= Boris Lavrentiev =

Russian histologist

Boris Innokentyevich Lavrentiev (Борис Иннокентьевич Лаврентьев; 12 August, 1892 – 9 February, 1944) was a Russian and Soviet histologist who served as a professor at the Zoological Institute of Moscow and at the First Moscow State Medical University. His major work was on the peripheral nervous system, regeneration and innervation of internal organs. His mother raised him alone. She was fluent in French and German, and had a special music and artist education (played the piano, sang and drew).

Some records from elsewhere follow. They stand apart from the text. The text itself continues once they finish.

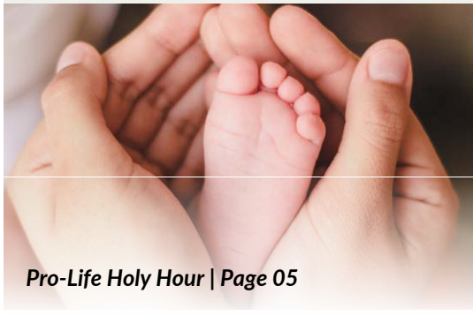
Pro-Life Holy Hour | Page 05
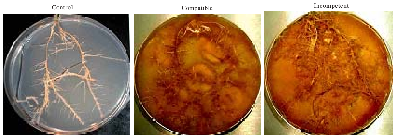
Figure 1. Root systems of poplar in control plant (left) and plants inoculated with compatible MAJ (middle) and incompetent NAU (right) P. involutus isolates.

Morphological and Anatomical Characteristics. Root tips morphological changes of compatible association characteristics of mycorrhizal formation were visible one week after inoculation. The mycorrhiza continued to develop and they were mature by five to seven weeks. Development of poplar both grown in the absence and presence of P. involutus under currently described Petri dish system occurred normally.
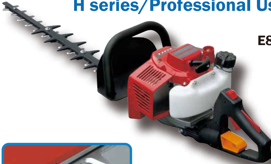
E8H 600/E8H 750
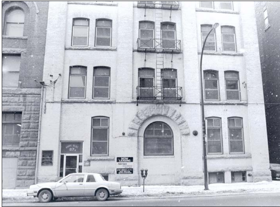
Plate 5 – 87 King Street, Anne Building, 1983.
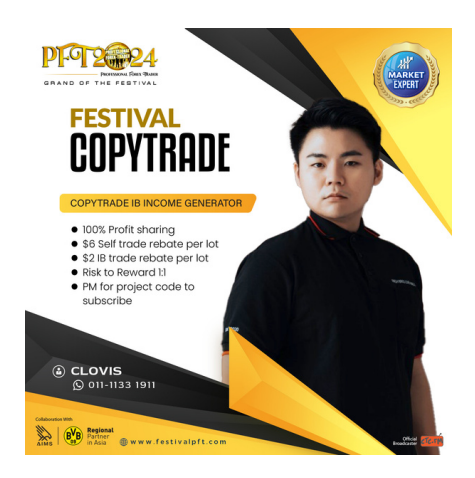
COPYTRADE IB INCOME GENERATOR
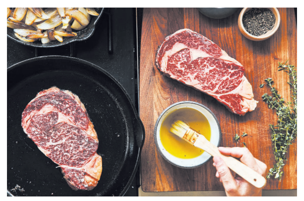
First Light Steak Club

For a sumptuous gift basket, Eataly at the Westfeld in Century City has an array of condiment baskets for any cook or Italian food lover. Two great finds for bringing to
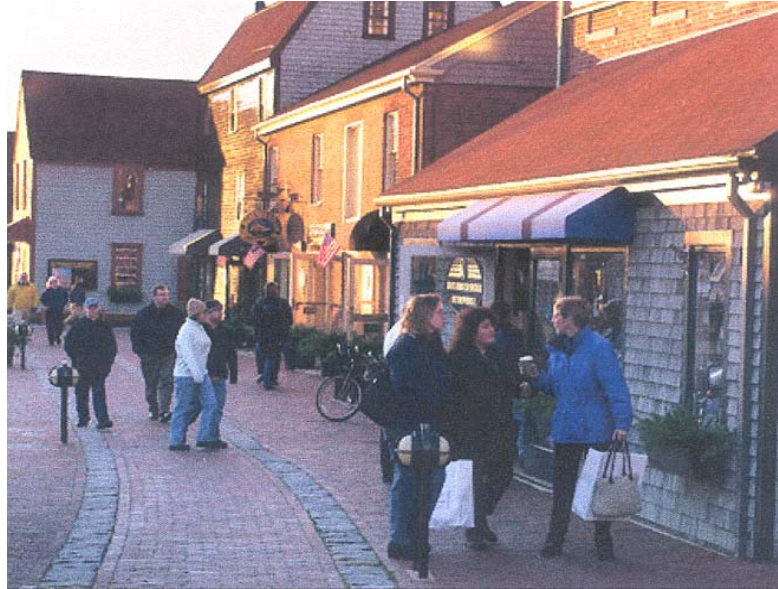
Newport, R.I. – Example of mixed building types, materials and colors
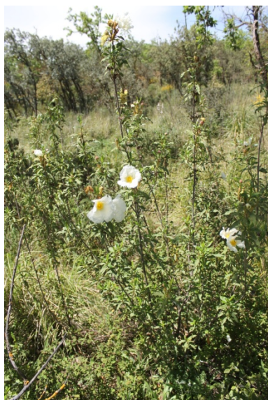
Cistus ladanifer subsp. Mauritanus Pau & Sennen
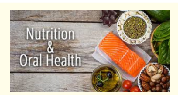
Figure 2: Nutrition and oral health.
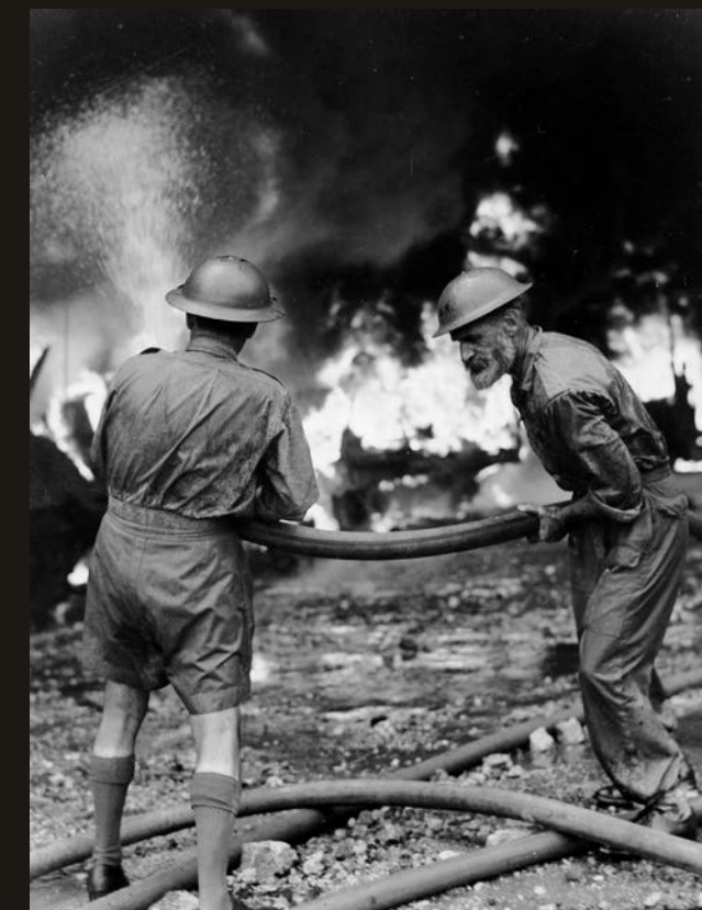
Volunteers of the Air Raid Precautions fighting fires at the docks in Singapore, c. January 1942.

Lavrentiev was born in Kazan where, raised by his mother Vera Vasilievna née Varaksina alone, he went to school (1901-1908) before entering Kazan University. He became interested in biology after attending the classes of I. P. Zabusov. He then joined the medical school where he trained under K. A. Arnstein, A. I. Timofeev, and A. N. Mislavsky. His earliest studies were on the innervation of the female urethra and was published in German. During World War I he served on the front dealing with the treatment of soldiers. After demobilization in 1921 he joined the department of histology at Kazan University. He worked under A. N. Mislavsky and A. F. Samoilov. In 1925 he went to the University of Utrecht under Jan Boeke to work on neurohistology. In 1927 he joined the veterinary faculty at Moscow and in 1929 joined the First Moscow State Medical University. He became a member of the Academy of Sciences of the Soviet Union in 1939.

Lavrentiev specialized in neurohistology and examined growth and repair in nerves using silver impregnation techniques. He supported the idea of trophic effects and suggested that synapses helped in independence of the neurons. He classified interoceptors, the endings of nerves in internal organs, based on morphology.